_What this task involves_.
Your job is to give again, exactly and with no additions, the lines in the records below from the one with "From DX UIM" through the one with "SET OF 2: Each", both included. Omit the pictures.

_Provided data_.
------------

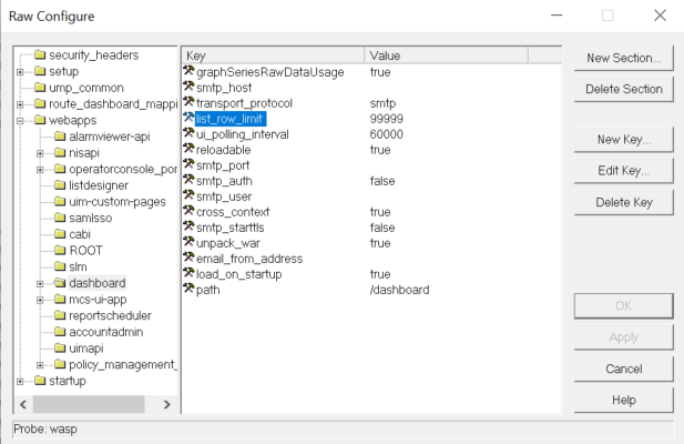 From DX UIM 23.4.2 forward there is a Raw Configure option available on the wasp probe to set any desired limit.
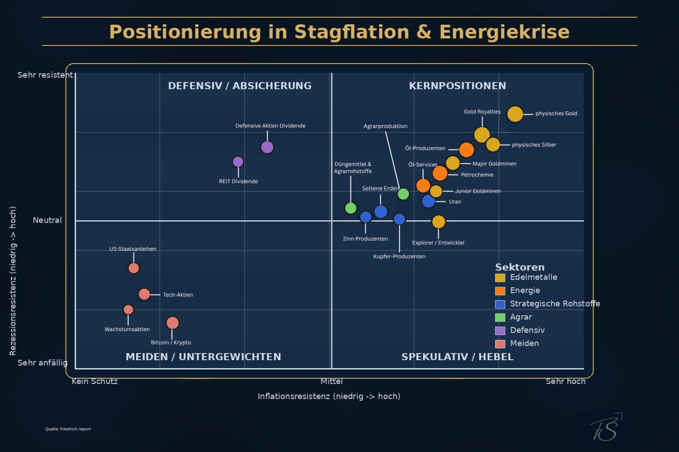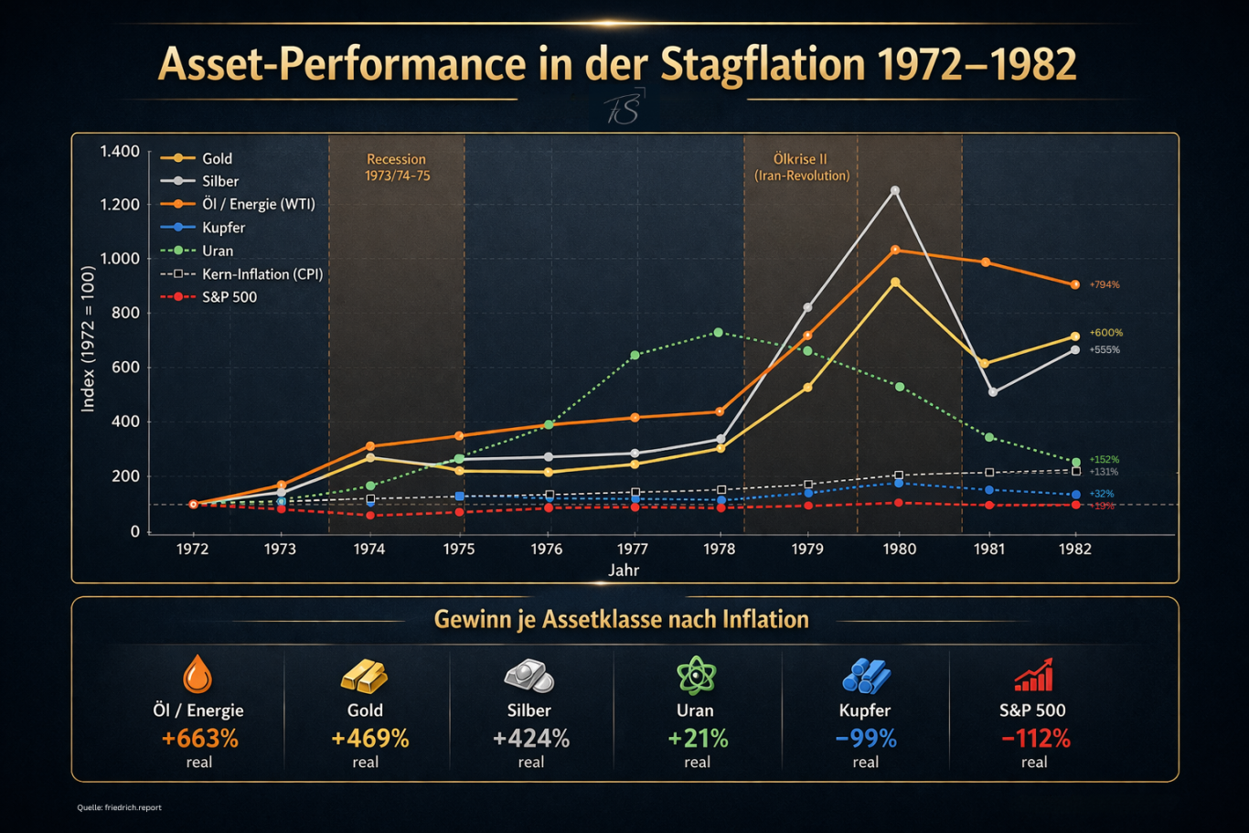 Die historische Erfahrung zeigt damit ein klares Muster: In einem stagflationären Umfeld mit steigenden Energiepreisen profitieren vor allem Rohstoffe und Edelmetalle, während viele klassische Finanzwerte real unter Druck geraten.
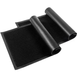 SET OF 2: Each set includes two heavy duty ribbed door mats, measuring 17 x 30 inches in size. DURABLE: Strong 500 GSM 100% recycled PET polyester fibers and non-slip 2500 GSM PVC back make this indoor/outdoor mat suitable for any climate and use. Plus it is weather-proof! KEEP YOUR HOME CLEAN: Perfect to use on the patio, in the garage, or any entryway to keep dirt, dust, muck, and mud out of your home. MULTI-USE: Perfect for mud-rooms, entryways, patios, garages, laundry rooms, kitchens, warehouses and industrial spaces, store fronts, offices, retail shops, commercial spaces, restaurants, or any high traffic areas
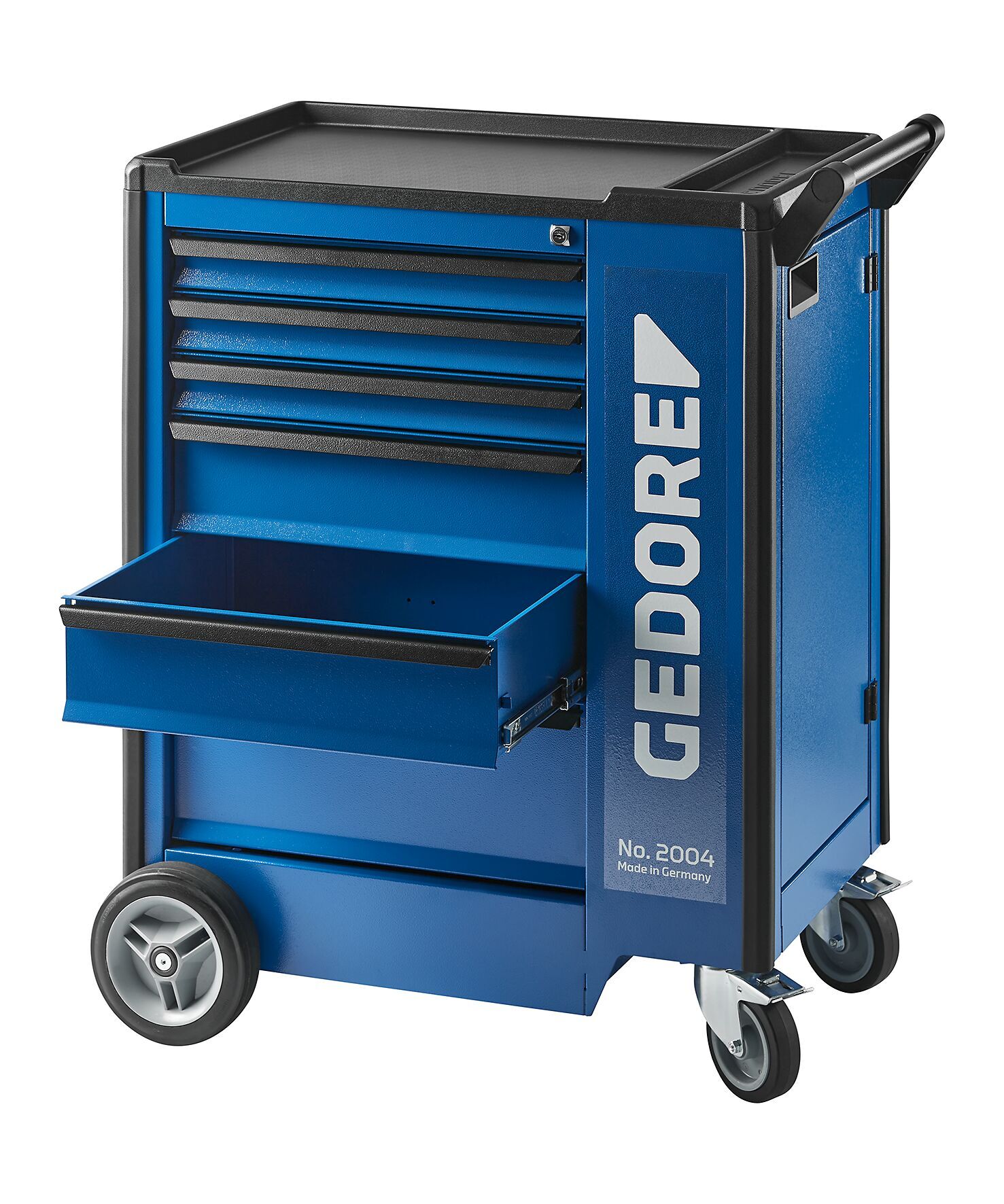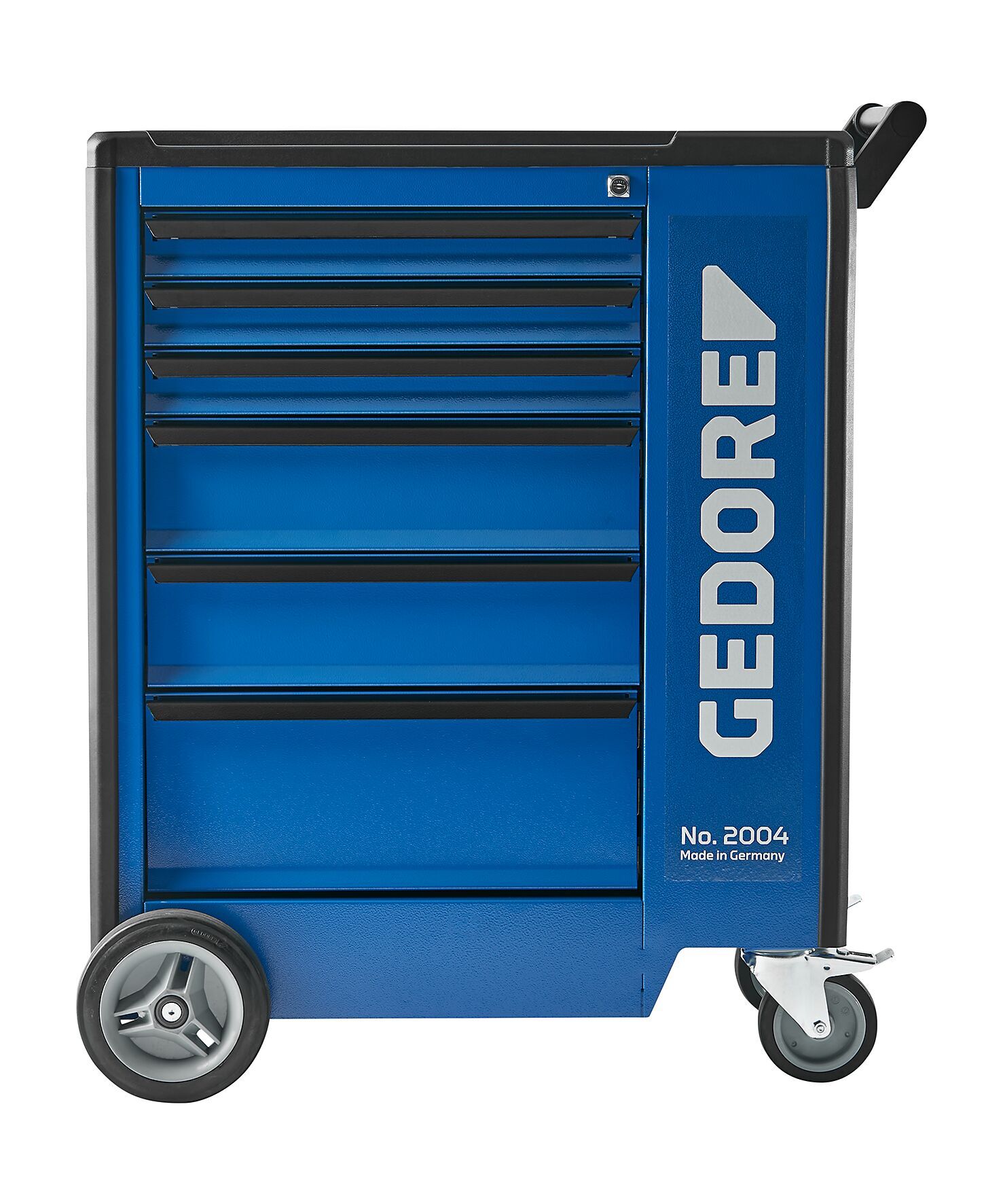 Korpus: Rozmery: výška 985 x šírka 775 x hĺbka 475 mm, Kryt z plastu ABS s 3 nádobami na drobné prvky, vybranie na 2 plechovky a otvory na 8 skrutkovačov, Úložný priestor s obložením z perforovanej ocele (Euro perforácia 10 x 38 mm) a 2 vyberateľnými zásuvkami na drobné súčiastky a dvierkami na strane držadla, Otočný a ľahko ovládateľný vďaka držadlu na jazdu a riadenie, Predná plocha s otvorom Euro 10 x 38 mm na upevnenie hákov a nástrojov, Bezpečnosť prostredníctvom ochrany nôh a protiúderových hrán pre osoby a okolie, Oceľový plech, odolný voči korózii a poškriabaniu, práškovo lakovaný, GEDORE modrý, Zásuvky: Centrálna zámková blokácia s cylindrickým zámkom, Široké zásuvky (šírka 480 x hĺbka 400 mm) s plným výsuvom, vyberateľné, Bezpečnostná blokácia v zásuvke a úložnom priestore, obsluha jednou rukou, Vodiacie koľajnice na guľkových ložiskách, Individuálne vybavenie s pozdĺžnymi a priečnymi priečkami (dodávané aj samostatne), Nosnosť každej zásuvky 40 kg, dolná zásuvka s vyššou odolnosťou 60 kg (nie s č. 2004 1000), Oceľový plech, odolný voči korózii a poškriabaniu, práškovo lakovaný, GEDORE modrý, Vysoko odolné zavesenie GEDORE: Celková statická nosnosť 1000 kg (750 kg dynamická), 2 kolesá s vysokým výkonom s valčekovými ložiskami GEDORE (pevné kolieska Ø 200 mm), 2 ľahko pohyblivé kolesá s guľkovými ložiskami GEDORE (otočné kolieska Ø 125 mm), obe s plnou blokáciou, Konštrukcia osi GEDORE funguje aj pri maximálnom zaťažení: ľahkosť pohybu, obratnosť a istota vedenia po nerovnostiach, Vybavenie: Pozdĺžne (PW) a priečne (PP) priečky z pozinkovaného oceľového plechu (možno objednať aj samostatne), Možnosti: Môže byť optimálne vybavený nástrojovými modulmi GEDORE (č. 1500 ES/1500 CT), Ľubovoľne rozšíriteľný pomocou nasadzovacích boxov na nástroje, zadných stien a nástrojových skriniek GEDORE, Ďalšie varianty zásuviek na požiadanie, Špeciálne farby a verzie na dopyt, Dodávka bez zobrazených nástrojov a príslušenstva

------------

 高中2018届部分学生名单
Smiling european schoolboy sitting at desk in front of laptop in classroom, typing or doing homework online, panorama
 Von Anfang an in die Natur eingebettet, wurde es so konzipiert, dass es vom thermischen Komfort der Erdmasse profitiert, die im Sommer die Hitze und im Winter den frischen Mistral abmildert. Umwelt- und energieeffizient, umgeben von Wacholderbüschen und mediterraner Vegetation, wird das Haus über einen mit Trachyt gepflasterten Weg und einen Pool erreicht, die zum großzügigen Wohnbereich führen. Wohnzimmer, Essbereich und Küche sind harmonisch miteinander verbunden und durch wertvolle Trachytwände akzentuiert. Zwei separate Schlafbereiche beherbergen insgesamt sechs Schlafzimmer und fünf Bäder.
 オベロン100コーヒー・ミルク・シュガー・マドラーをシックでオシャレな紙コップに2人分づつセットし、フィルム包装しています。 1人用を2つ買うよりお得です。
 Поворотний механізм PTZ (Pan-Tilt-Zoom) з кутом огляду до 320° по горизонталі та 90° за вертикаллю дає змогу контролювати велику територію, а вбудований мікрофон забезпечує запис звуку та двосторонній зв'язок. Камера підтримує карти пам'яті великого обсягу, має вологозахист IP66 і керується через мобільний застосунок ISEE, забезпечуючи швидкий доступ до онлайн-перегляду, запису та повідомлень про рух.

------------

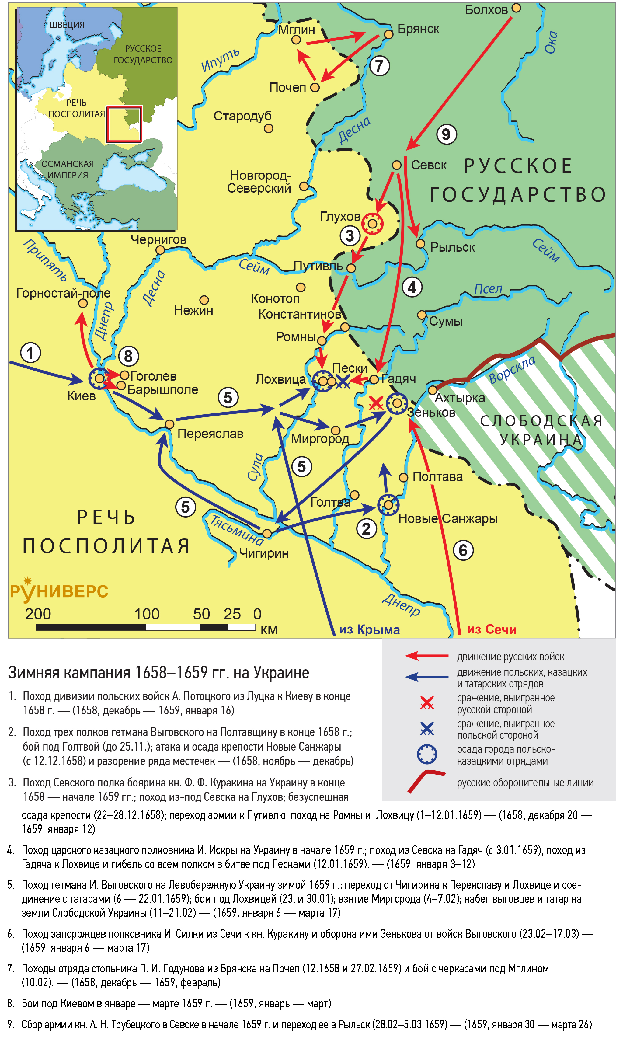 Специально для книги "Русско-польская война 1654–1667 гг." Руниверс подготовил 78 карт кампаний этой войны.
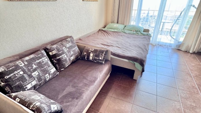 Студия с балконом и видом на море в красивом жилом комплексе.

------------

_Result of the exercise_.
 From DX UIM 23.4.2 forward there is a Raw Configure option available on the wasp probe to set any desired limit.
 Die historische Erfahrung zeigt damit ein klares Muster: In einem stagflationären Umfeld mit steigenden Energiepreisen profitieren vor allem Rohstoffe und Edelmetalle, während viele klassische Finanzwerte real unter Druck geraten.
 SET OF 2: Each set includes two heavy duty ribbed door mats, measuring 17 x 30 inches in size. DURABLE: Strong 500 GSM 100% recycled PET polyester fibers and non-slip 2500 GSM PVC back make this indoor/outdoor mat suitable for any climate and use. Plus it is weather-proof! KEEP YOUR HOME CLEAN: Perfect to use on the patio, in the garage, or any entryway to keep dirt, dust, muck, and mud out of your home. MULTI-USE: Perfect for mud-rooms, entryways, patios, garages, laundry rooms, kitchens, warehouses and industrial spaces, store fronts, offices, retail shops, commercial spaces, restaurants, or any high traffic areas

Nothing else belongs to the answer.